An interesting article in the paper several days ago caught my eye. Sen. Tennis Shoes Murray was pushing for implementation of a new VA program that the General is predictably dragging his feet on. It seems there are a number of Vets from the Iraqi/Afstan conflict with collateral damage. Much of it seems to be from IEDs and land mines. I’m serious. Someone actually started adding up the casualties and was stupefied at the big numbers. It’s too bad they didn’t keep better figures on our body counts in Vietnam rather than the VC’s. They might have gotten more concerned BEFORE we arrived at 58,000 + KIA.
Nevertheless, the powers that be who squander all our taxes have come up with yet another new VA program. Try this one on for size. Congress has decided that Vets with 100% or more rated disabilities who are probably entitled to A&A/housebound are going to be entitled to a caregiver 24/7 paid for by VA. I am not enlightened or knowledgeable enough yet to know whether they will also be entitled to A&A on top of this new benefit.

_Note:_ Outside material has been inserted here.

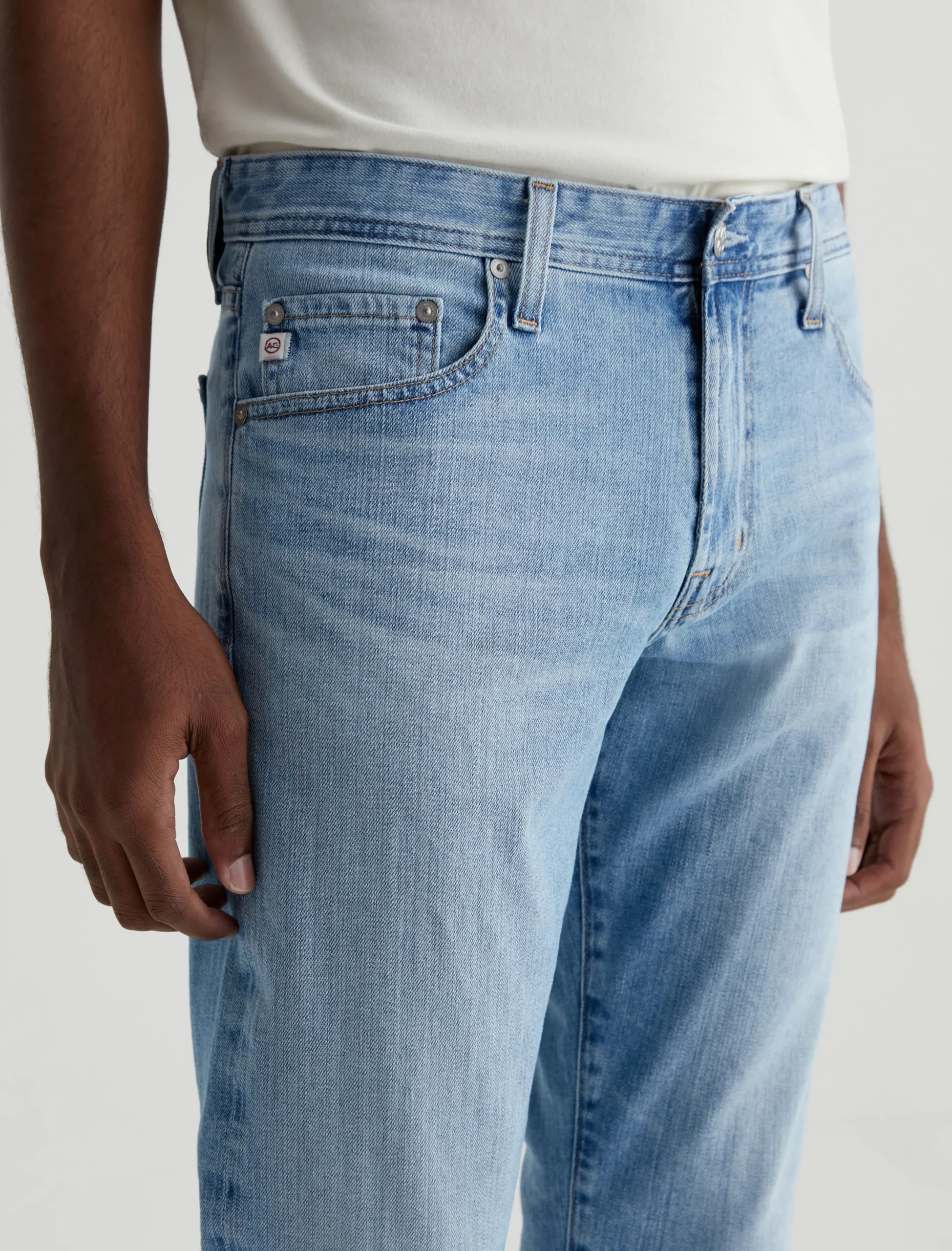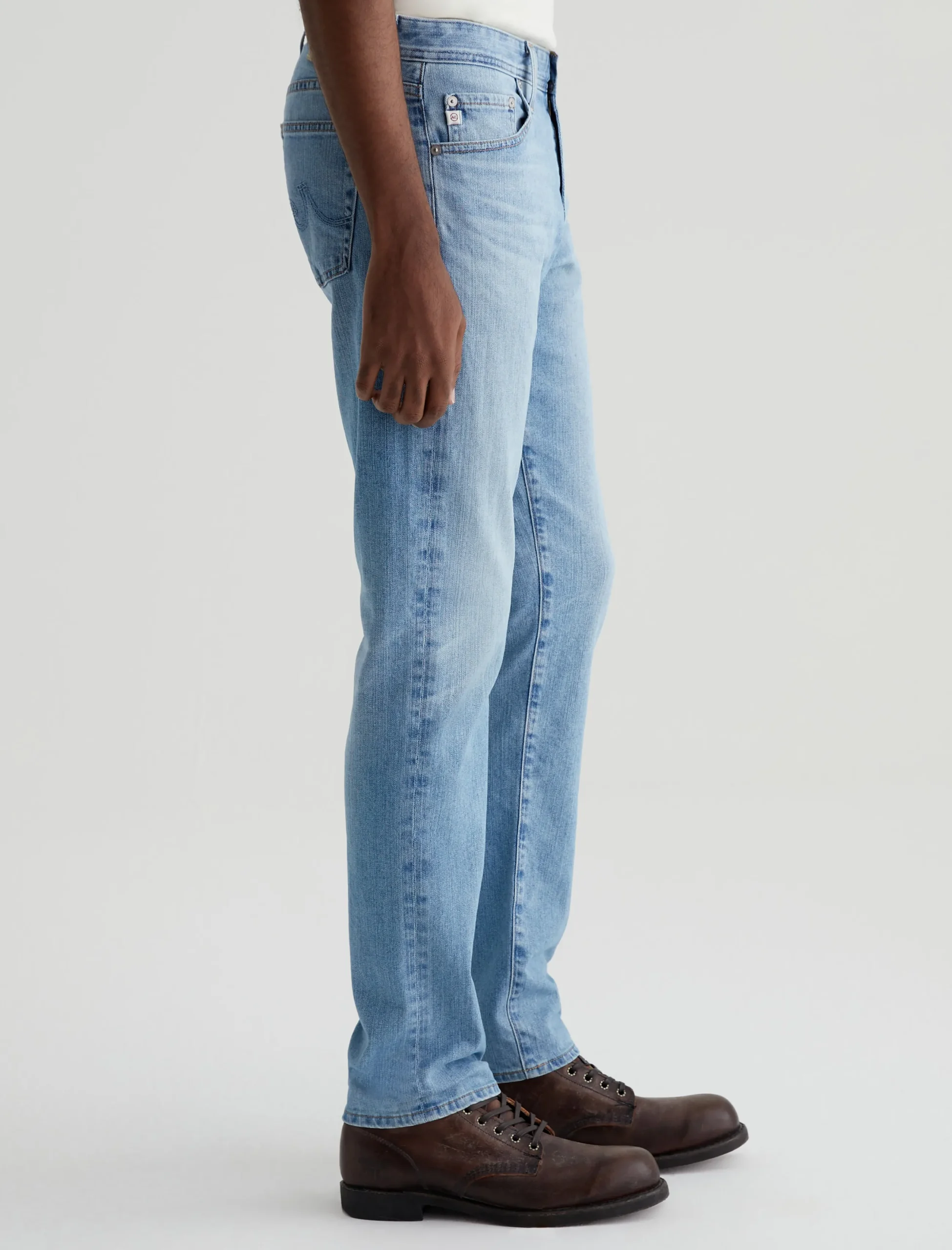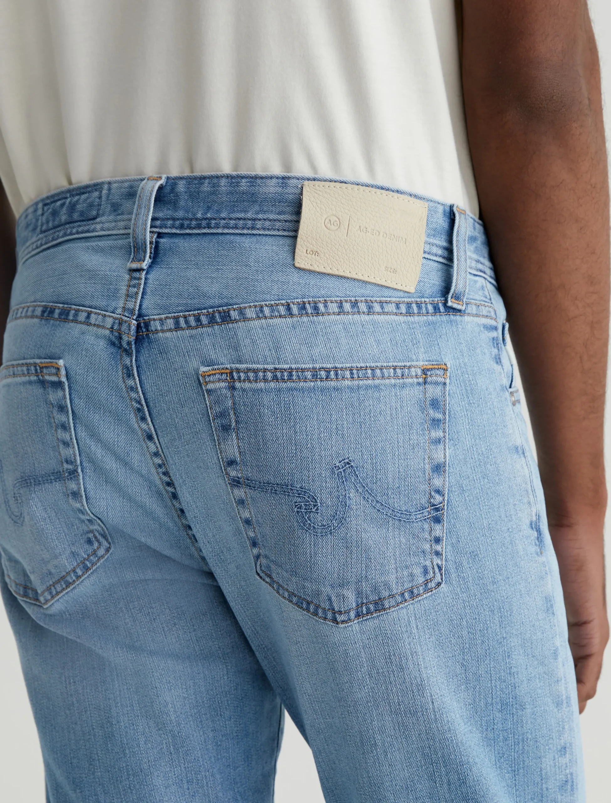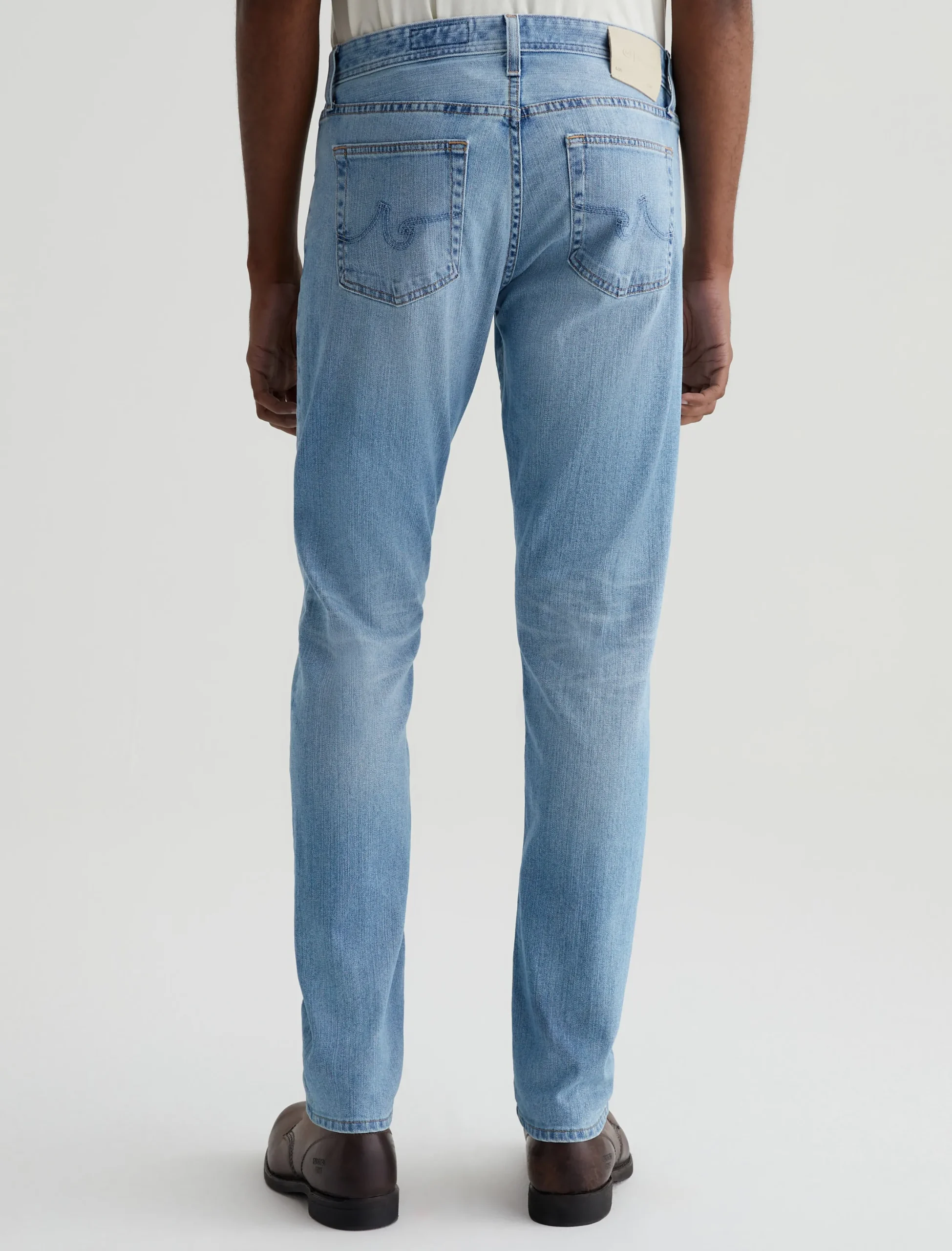 Our Tellis modern slim jean for men features an AG-ed™ light indigo wash with fading and whiskering to emulate 21 years of vintage wear. Featuring a fitted upper block and tapered leg opening, these five-pocket men’s jeans are designed in 11 oz. comfort-stretch Lead Denim.

Here’s the kicker. Only Vets injured after 9/11/01 will be eligible for this new perk. The convoluted logic used to arrive at this inclusion/exclusion decision is deceptively simple- Vets who are younger are POORER and lack the assets of older, more established disabled Vets. Somebody at VA should look at their own compensation tables and then tell us again with a straight face that we are rich compared to a younger Vet.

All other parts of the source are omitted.